> **What you need to do**: Set down, exactly and only, everything from the line containing "В Алматы начата" down to the line containing "Torneo de fútbol" in the data below; the pictures are not part of the copy.

> **Raw data**:
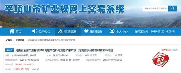 近日,河南汝州焦村鎮郭嶺南建筑石料用灰巖礦采礦權成功出讓。 據了解,該項目設計可采儲量2791.51萬噸,生產規模300萬噸/年,汝州市銳源礦業有限公司以底價9162.26萬元競得該項目。
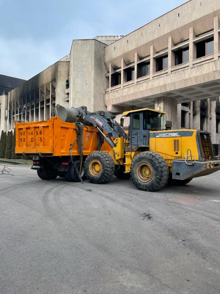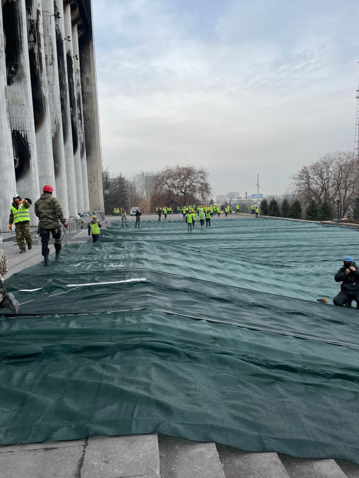В Алматы начата работа по расчистке здания городского акимата после пожара, передает корреспондент Tengrinews.kz.
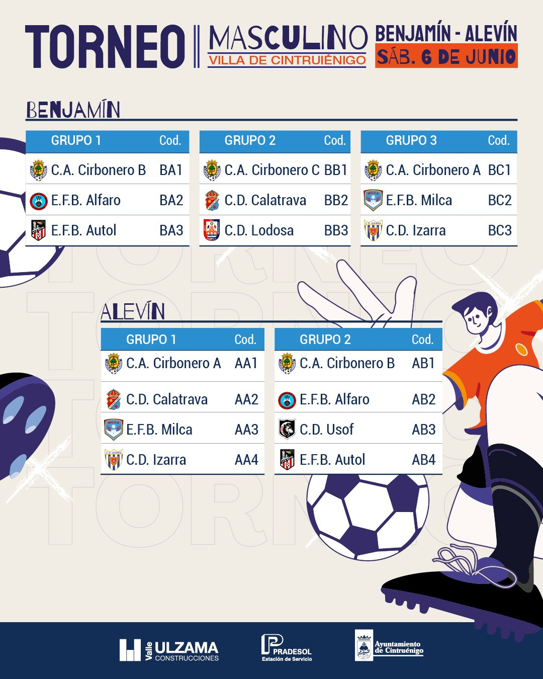 Torneo de fútbol masculino para categorías Benjamín y Alevín, con 17 equipos p...
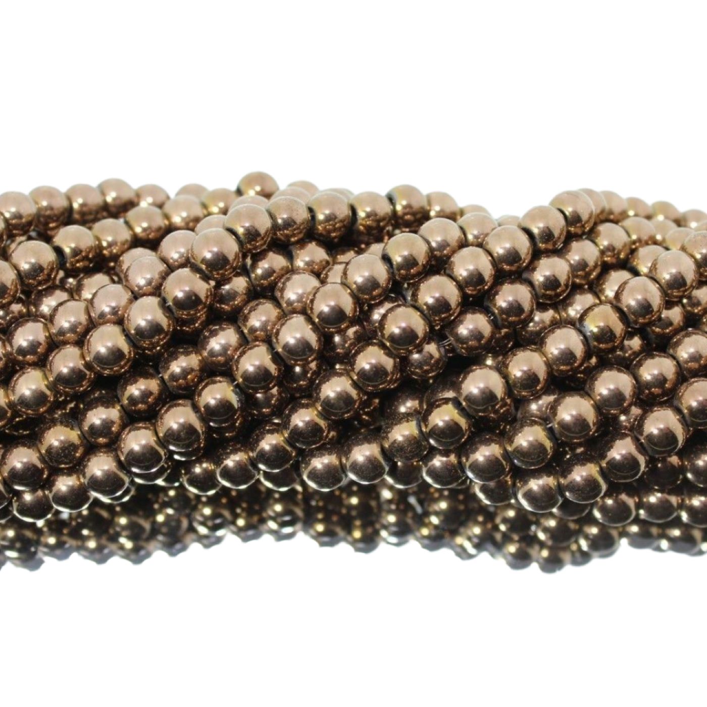 Hematite – 10mm Round – Bronze – 39cm Strand. 10mm bead size. Plated Hematite.

> **Answer area**:
В Алматы начата работа по расчистке здания городского акимата после пожара, передает корреспондент Tengrinews.kz.
 Torneo de fútbol masculino para categorías Benjamín y Alevín, con 17 equipos p...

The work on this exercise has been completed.